#### Aim of the exercise:
Take the lines in the listing below from the line with "1)和节点间(算法 2)的 reduce。" up to and including the line with "9月19日中國化肥批發價格綜" and set them down exactly, skipping pictures and adding nothing.

#### Information shown:
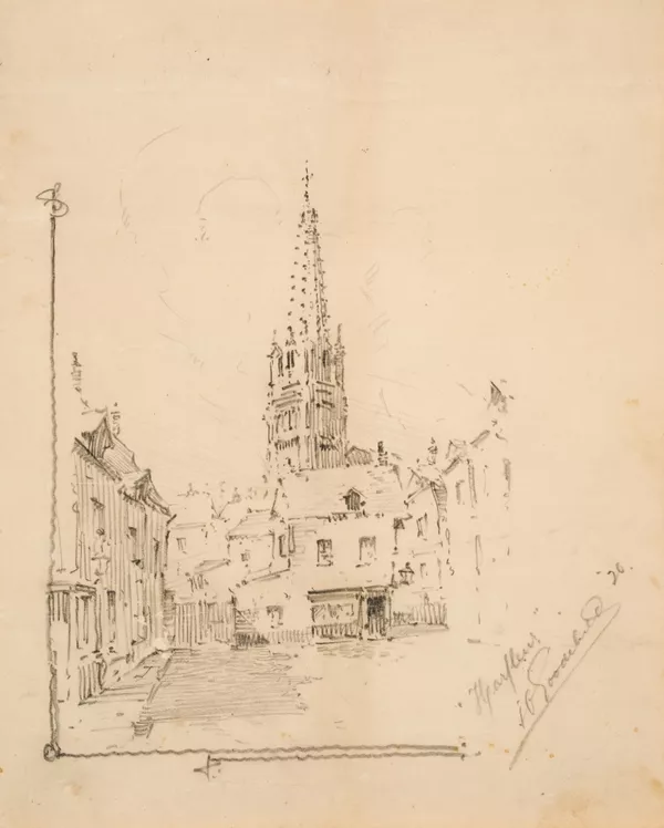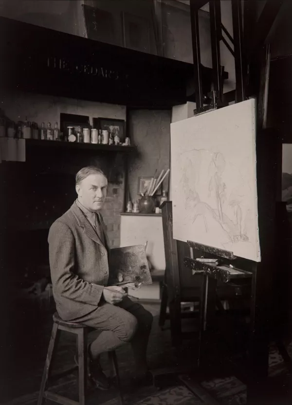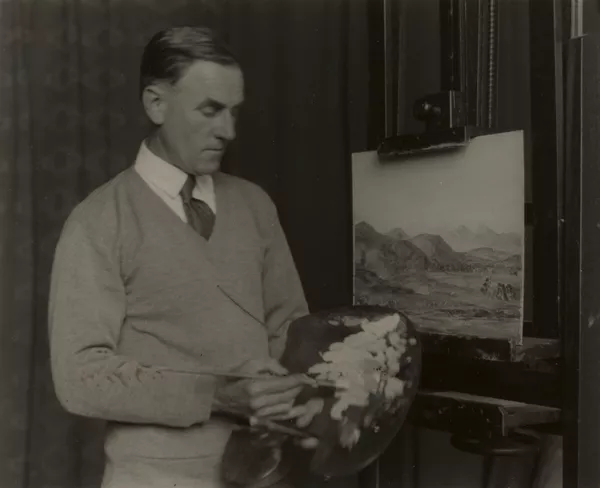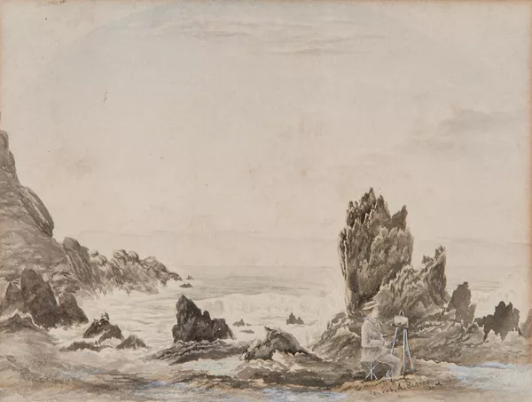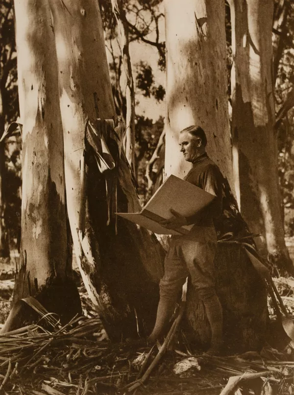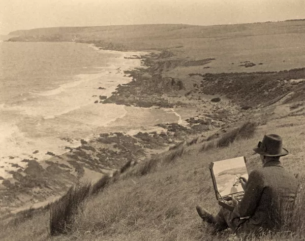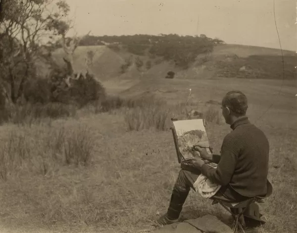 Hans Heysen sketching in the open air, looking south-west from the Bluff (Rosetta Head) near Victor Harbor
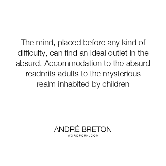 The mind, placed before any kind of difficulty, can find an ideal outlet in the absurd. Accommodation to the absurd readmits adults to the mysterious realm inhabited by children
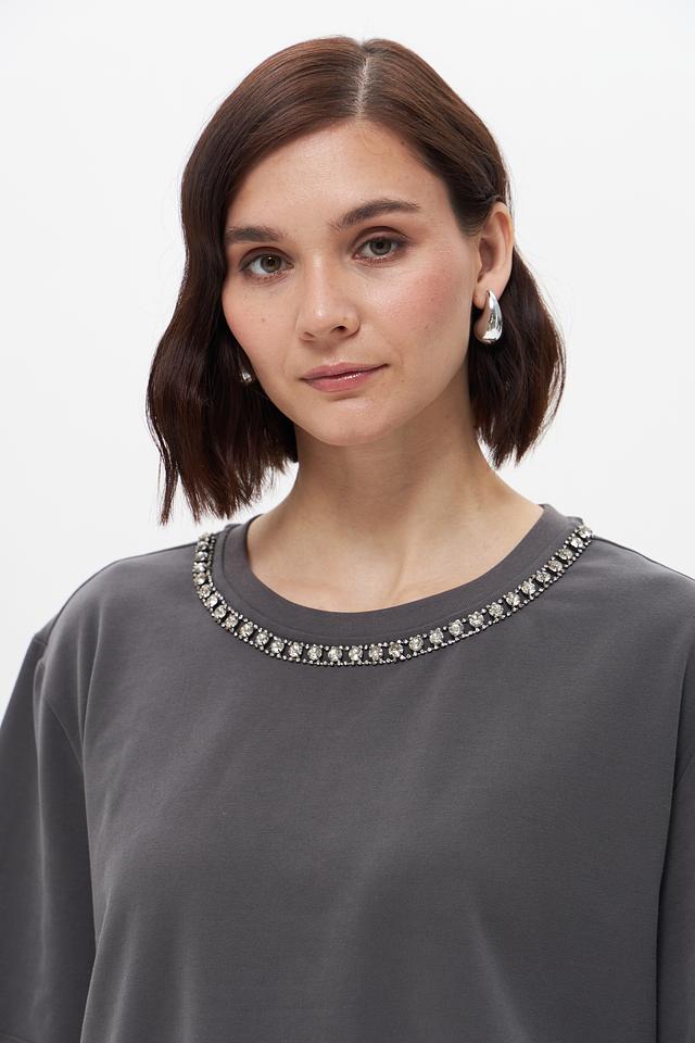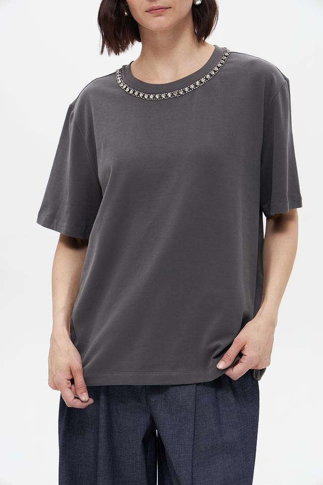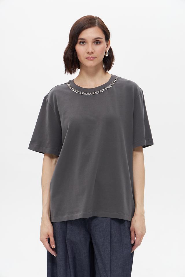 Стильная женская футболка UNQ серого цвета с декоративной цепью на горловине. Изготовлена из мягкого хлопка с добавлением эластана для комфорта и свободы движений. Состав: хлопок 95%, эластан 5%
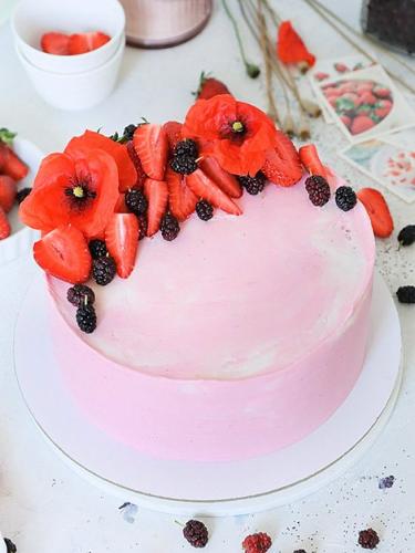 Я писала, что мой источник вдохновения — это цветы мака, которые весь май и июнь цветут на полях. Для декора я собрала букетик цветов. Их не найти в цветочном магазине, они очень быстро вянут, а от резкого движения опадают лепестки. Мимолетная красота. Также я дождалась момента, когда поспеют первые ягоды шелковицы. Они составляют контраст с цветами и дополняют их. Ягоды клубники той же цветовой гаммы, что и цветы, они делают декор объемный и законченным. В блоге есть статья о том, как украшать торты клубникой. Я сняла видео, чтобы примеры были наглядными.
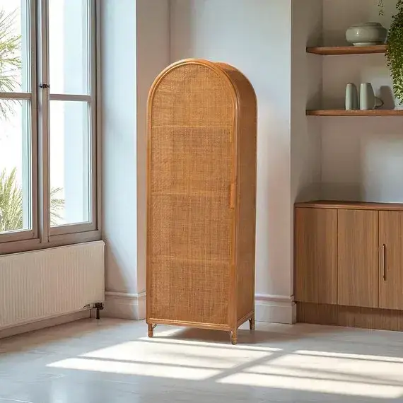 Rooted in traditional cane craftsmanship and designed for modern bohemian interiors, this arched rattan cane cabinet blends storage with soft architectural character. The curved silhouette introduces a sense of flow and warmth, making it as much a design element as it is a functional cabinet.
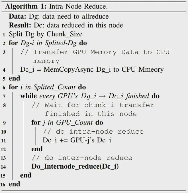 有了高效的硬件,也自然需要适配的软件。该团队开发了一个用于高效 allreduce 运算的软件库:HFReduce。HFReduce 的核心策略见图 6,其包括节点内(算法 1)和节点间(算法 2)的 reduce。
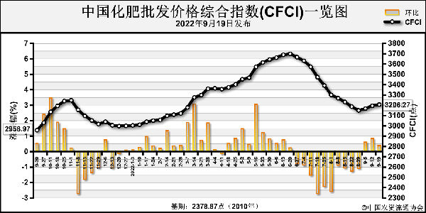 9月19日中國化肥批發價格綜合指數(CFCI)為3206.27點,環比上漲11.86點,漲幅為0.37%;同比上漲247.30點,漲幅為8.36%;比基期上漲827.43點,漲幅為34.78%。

--

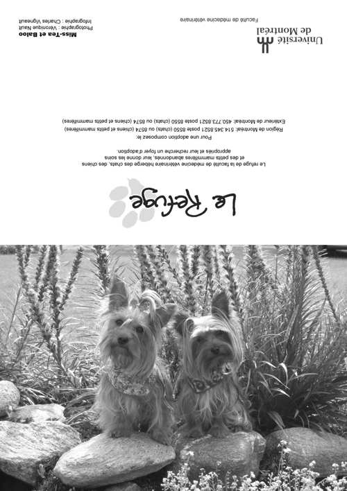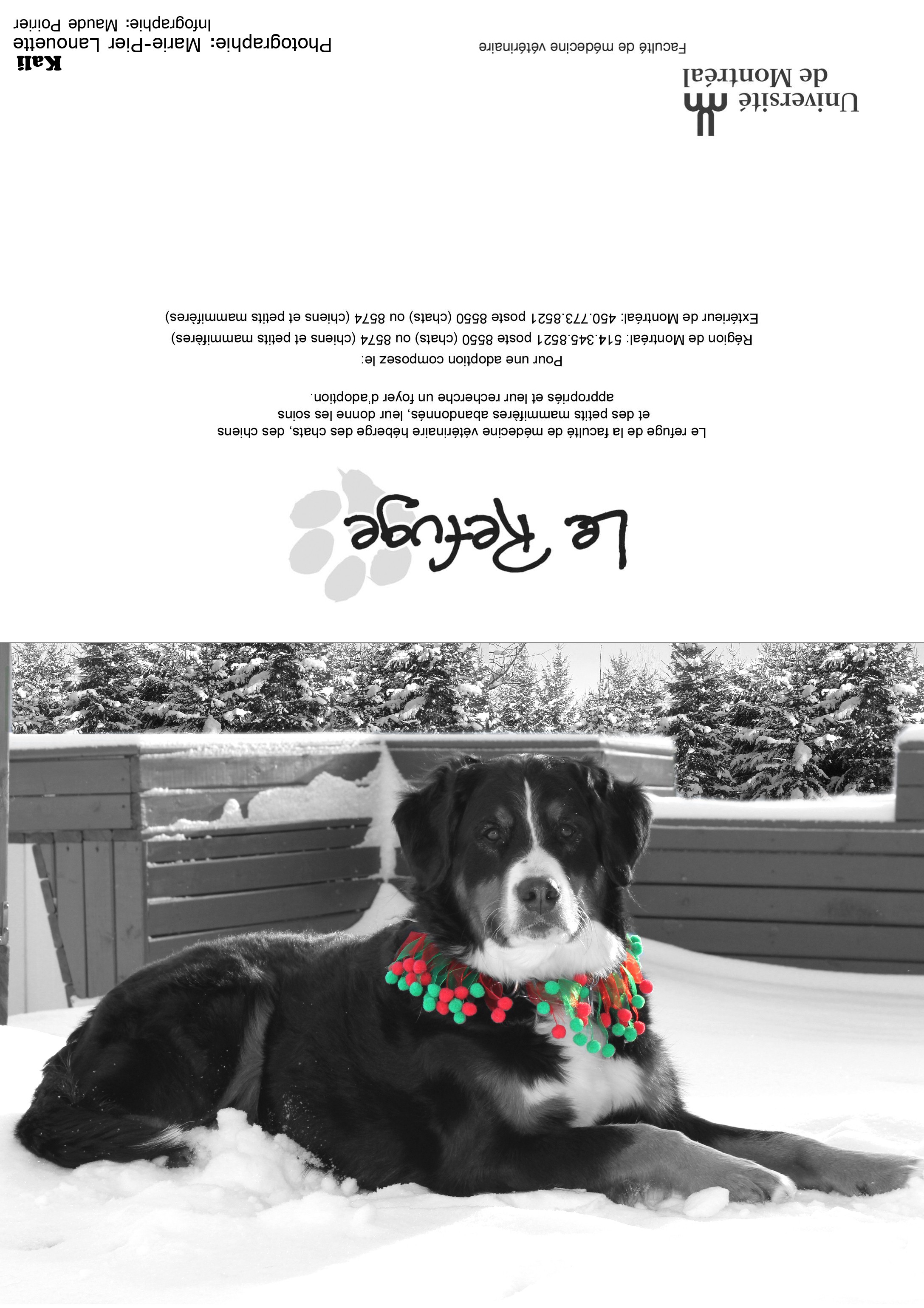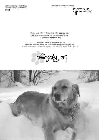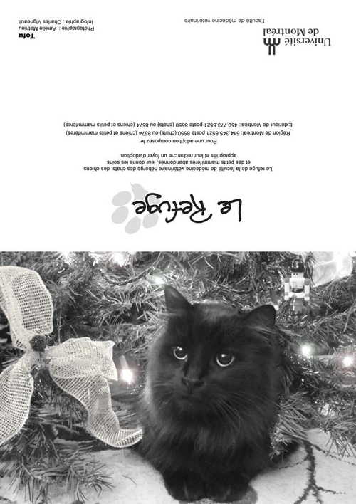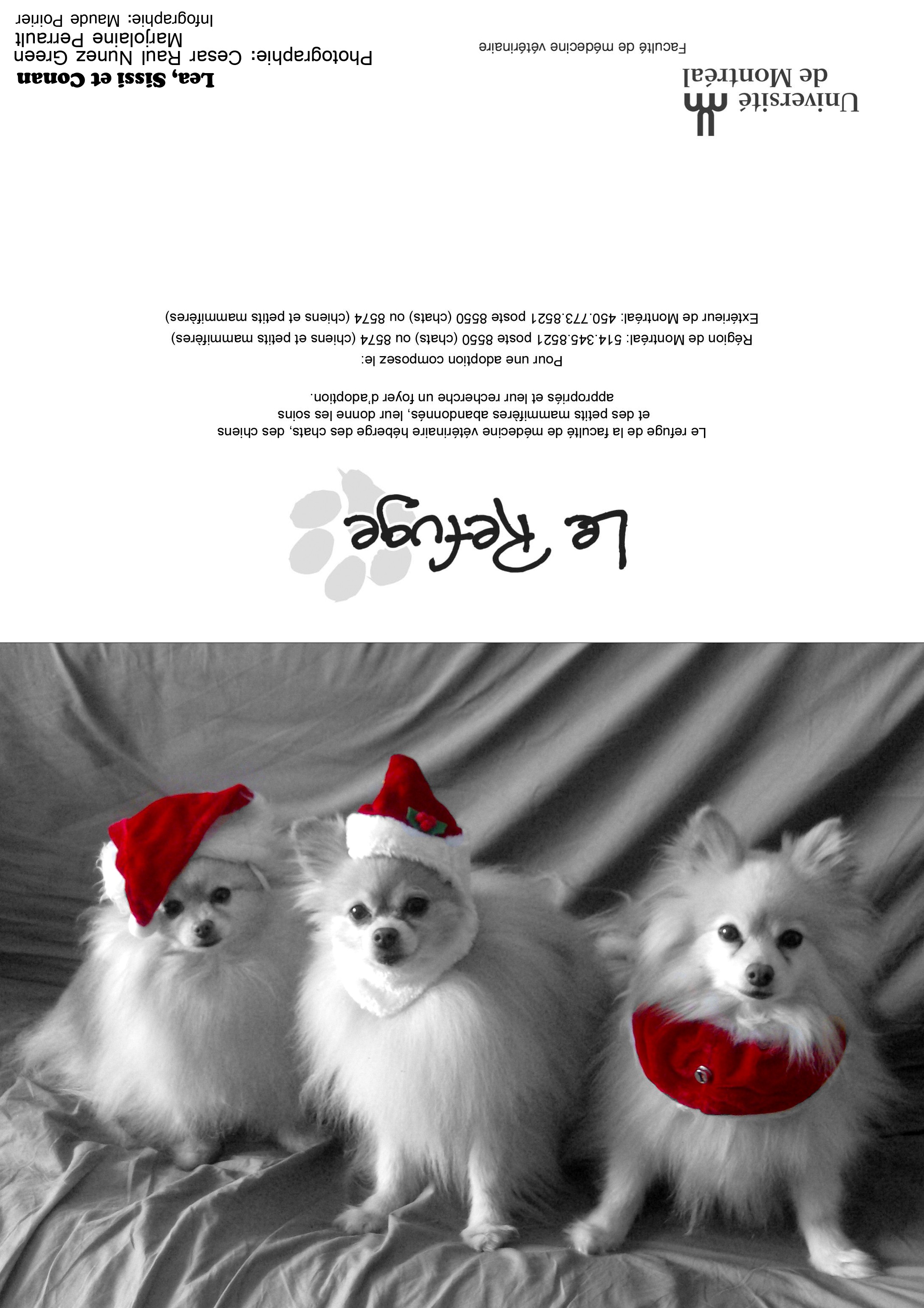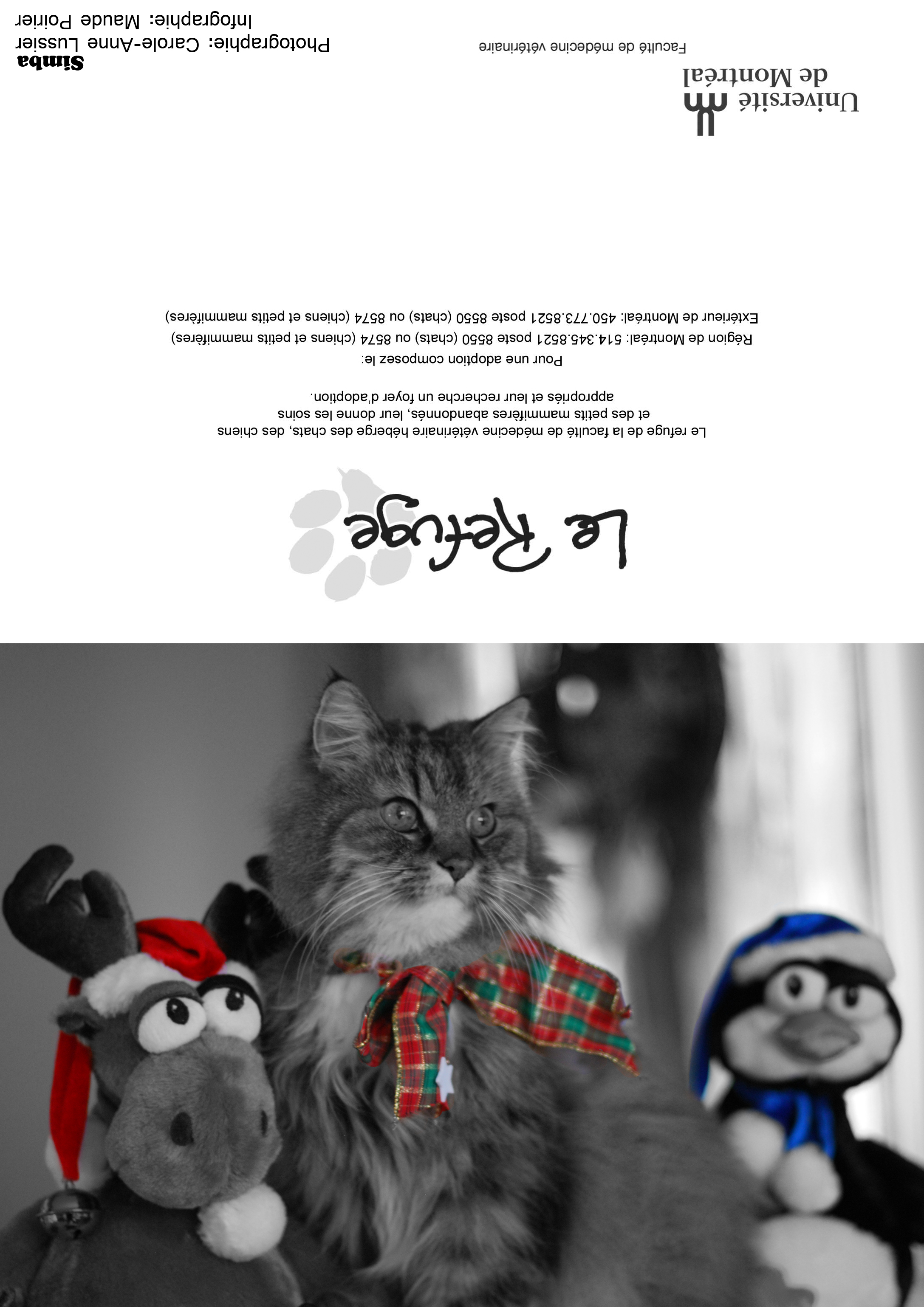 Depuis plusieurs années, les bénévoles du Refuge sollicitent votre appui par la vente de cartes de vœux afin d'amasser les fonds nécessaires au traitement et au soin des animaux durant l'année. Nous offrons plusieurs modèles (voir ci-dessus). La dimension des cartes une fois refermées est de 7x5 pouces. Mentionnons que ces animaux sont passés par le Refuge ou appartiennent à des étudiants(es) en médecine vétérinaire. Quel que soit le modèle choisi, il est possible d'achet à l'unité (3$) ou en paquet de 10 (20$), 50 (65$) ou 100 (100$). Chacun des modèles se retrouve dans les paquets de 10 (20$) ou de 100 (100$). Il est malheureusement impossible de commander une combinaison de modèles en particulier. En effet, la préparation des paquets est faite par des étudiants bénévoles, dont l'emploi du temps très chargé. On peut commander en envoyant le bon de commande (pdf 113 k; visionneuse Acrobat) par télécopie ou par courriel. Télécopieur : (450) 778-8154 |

#### Task result:
 有了高效的硬件,也自然需要适配的软件。该团队开发了一个用于高效 allreduce 运算的软件库:HFReduce。HFReduce 的核心策略见图 6,其包括节点内(算法 1)和节点间(算法 2)的 reduce。
 9月19日中國化肥批發價格綜合指數(CFCI)為3206.27點,環比上漲11.86點,漲幅為0.37%;同比上漲247.30點,漲幅為8.36%;比基期上漲827.43點,漲幅為34.78%。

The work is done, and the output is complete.